「キャスト」の3モデル同時開発を実現したデザイン案ストックと3Dデータ活用:車両デザイン(3/3 ページ)
ダイハツ工業は、新開発の軽自動車「キャスト」を発表した。個性の重視によってデザインへの要求が多様化する市場需要に対応し3つのバリエーションモデルを用意したことを特徴とする。これら3つのバリエーションモデルの同時開発を実現したのが、「デザイン案ストック」と「3Dデータ活用」である。
「デザイン原案のストック」と「3Dデータの活用」
これら3つのバリエーションモデルの同時開発を進める上で、さらに商品化へのリードタイム短期化にも挑戦した。その手法は「デザイン原案のストック」と「3Dデータの活用」である。

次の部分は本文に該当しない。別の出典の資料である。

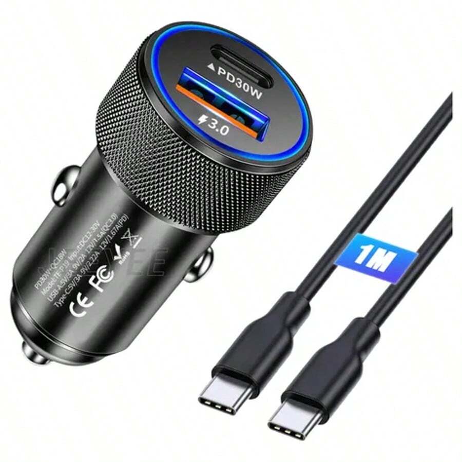 Cargador rápido para coche QC3.0 con cable de carga de 1 m PD30W

自動車の開発段階は、スケッチなどによって外観や内装を模索していくデザイン開発と、デザイン開発を受けて始める量産開発に分けられる。今回のダイハツの取り組みでは、従来のデザイン開発が完了してから量産開発に入るワンオフ方式ではなく、デザイン先行開発によってデザイン原案をストックしておくストック方式を採用した。上田氏によれば「世の中の価値観やトレンドを先取りしたデザイン原案をストックし、そこから完成度の高いデザインを素早く量産開発のための設計図面に落とし込むことができる。ワンオフ方式からストック方式への変更で、デザイン開発の期間は半分まで短縮できた」という。
そして、デザイン開発から量産開発へ以降する際に3Dデータを活用することで、正式な図面製作から量産開始までの期間を10カ月に短縮することができた。ここで言う、3Dデータの活用とは、デザイン原案の時点から設計図面を意識してデータを作成することや、デザイン開発側と量産開発側の設計内容をすり合わせる際の情報のやりとりをスムーズにすることなどが挙げられる。「2014年に6車種の新型車を投入した際に進めてきた取り組みだが、これまでは最長で正式な図面製作から量産開始まで12カ月かかっていた。それを、3バリエーションモデルの同時開発という厳しい条件付きでありながら、10カ月に短縮できたことに大きな意義がある」(上田氏)。
従来の軽自動車では、標準モデルとカスタムモデルの2モデルを用意するのが一般的だ。この場合の開発は、標準モデルの開発がある程度進展してから、その標準モデルをベースにカスタムモデルの開発を始める。つまり、正確には2モデル同時開発にはなっていない。キャストは、その常識を覆した上で、さらに2モデルではなく3モデルの同時開発を実現しているところにもすごみがある。